Dataset section —
---+---

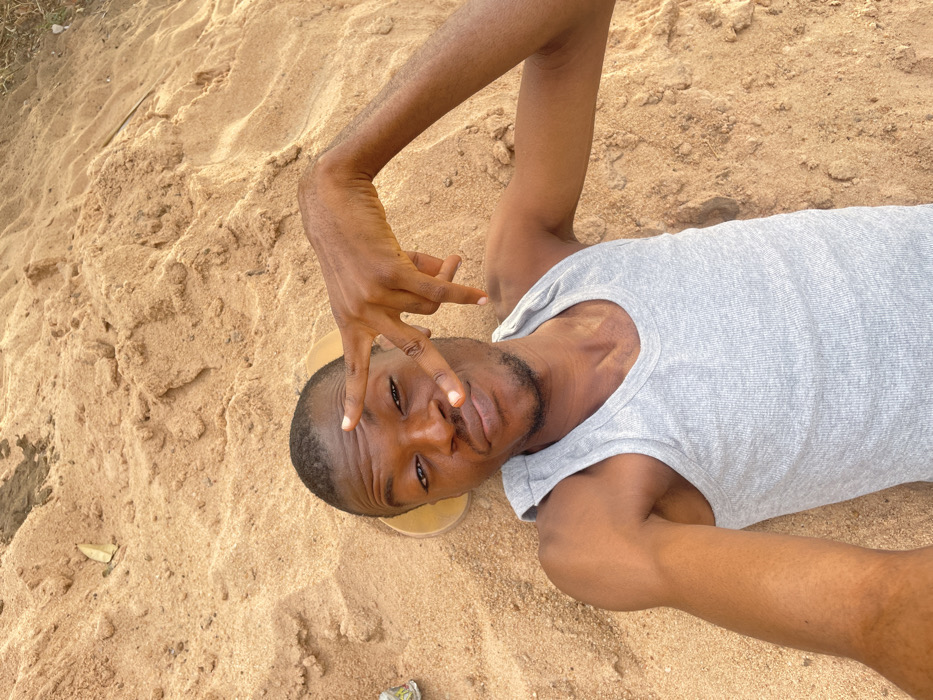 A person lies on light brown sand, head resting on a tan sandal. The individual, wearing a gray tank top, looks directly at the camera with a slightly tilted head. Their dark hair is closely cropped, and a trimmed beard lines their jaw. One arm extends above their head, fingers forming a gesture. The sand appears smooth and slightly textured with occasional darker spots. A small, crumpled item sits at the bottom of the frame.
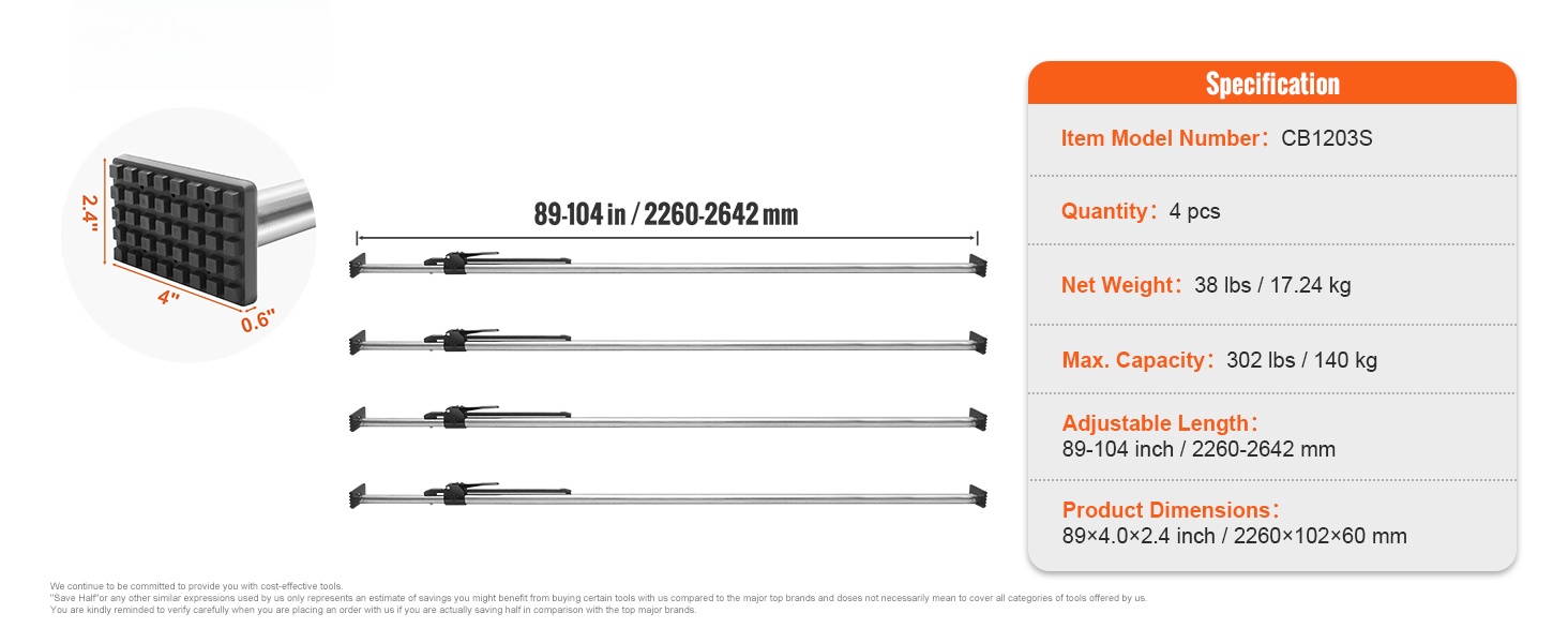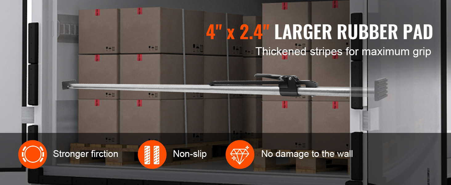 Kuormatangon molemmissa päissä on kumipehmusteet kooltaan 4×2.4 tuumaa. Ne tarjoavat erinomaisen liukuestopidon ja pysyvät hyvin paikoillaan myös märällä pinnalla tai epätasaisella tiellä tärinän aikana.
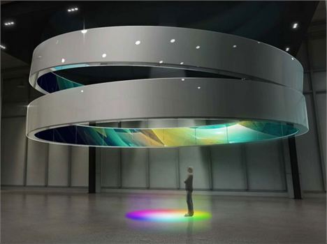 Due strutture circolari sospese in aria al cui centro, a terra, è proiettato l’intero spettro dei colori. E’ l’installazione multimediale che invita a interagire con la tecnologia Samsung SUHD, abbandonando il modello convenzionale di visione dei contenuti. Posizionandosi su una di queste tonalità infatti si influenza in tempo reale le immagini sugli schermi, che richiamano il colore scelto. Un modo per presentare le innovazioni della TV SUHD Samsung: la grande resa cromatica grazie a una tecnologia basata su nano-cristalli e un sistema aperto che permette di personalizzare i contenuti.
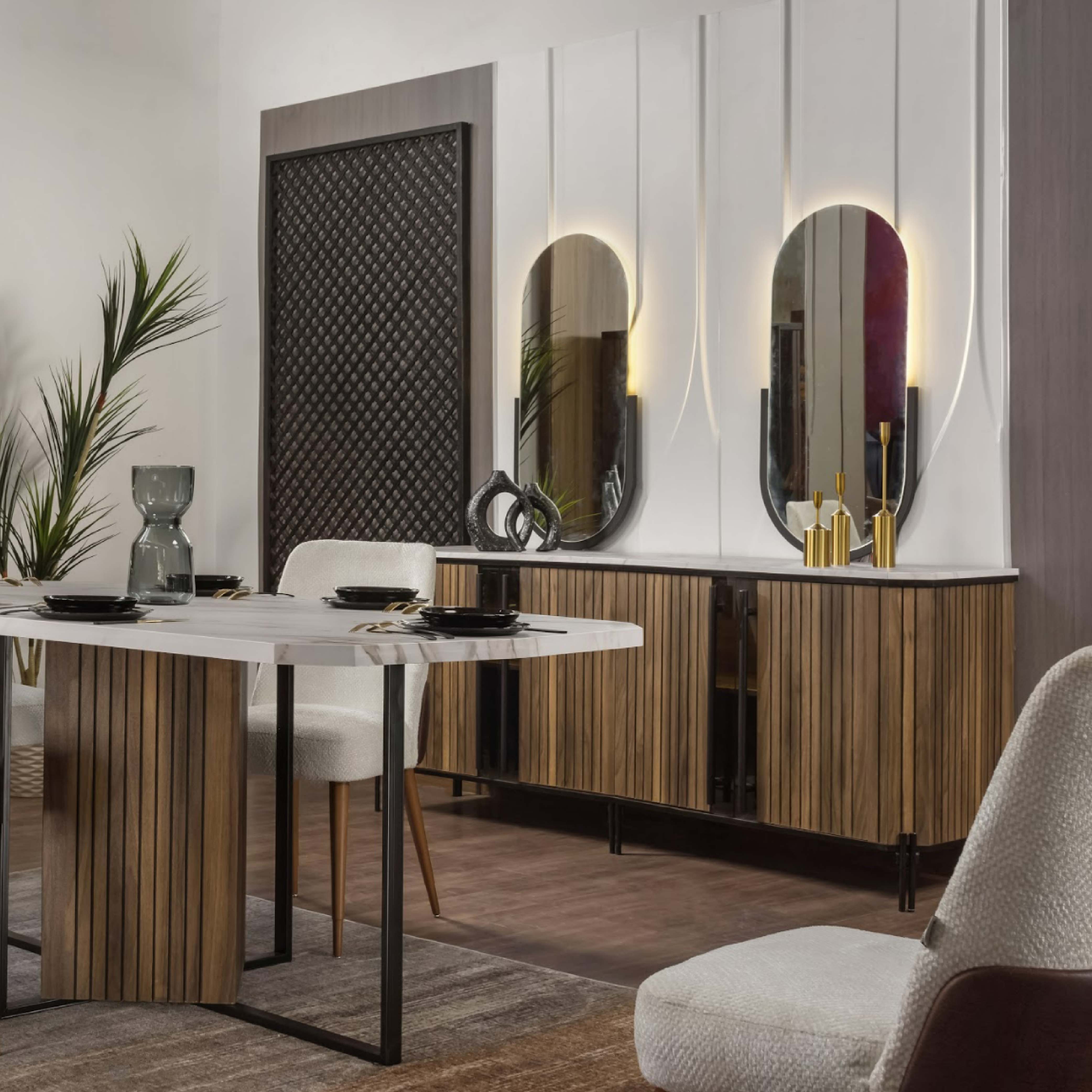 سفرة مكونة من ترابيزة + 6 كراسي + نيش + بوفيه مسطحات الغرفة خشب ام دي اف كراسي السفرة خشب زان احمر

---+---

Problem requirements — Write out the data above exactly, minus any images.

Response to this task —
 A person lies on light brown sand, head resting on a tan sandal. The individual, wearing a gray tank top, looks directly at the camera with a slightly tilted head. Their dark hair is closely cropped, and a trimmed beard lines their jaw. One arm extends above their head, fingers forming a gesture. The sand appears smooth and slightly textured with occasional darker spots. A small, crumpled item sits at the bottom of the frame.
 Kuormatangon molemmissa päissä on kumipehmusteet kooltaan 4×2.4 tuumaa. Ne tarjoavat erinomaisen liukuestopidon ja pysyvät hyvin paikoillaan myös märällä pinnalla tai epätasaisella tiellä tärinän aikana.
 Due strutture circolari sospese in aria al cui centro, a terra, è proiettato l’intero spettro dei colori. E’ l’installazione multimediale che invita a interagire con la tecnologia Samsung SUHD, abbandonando il modello convenzionale di visione dei contenuti. Posizionandosi su una di queste tonalità infatti si influenza in tempo reale le immagini sugli schermi, che richiamano il colore scelto. Un modo per presentare le innovazioni della TV SUHD Samsung: la grande resa cromatica grazie a una tecnologia basata su nano-cristalli e un sistema aperto che permette di personalizzare i contenuti.
 سفرة مكونة من ترابيزة + 6 كراسي + نيش + بوفيه مسطحات الغرفة خشب ام دي اف كراسي السفرة خشب زان احمر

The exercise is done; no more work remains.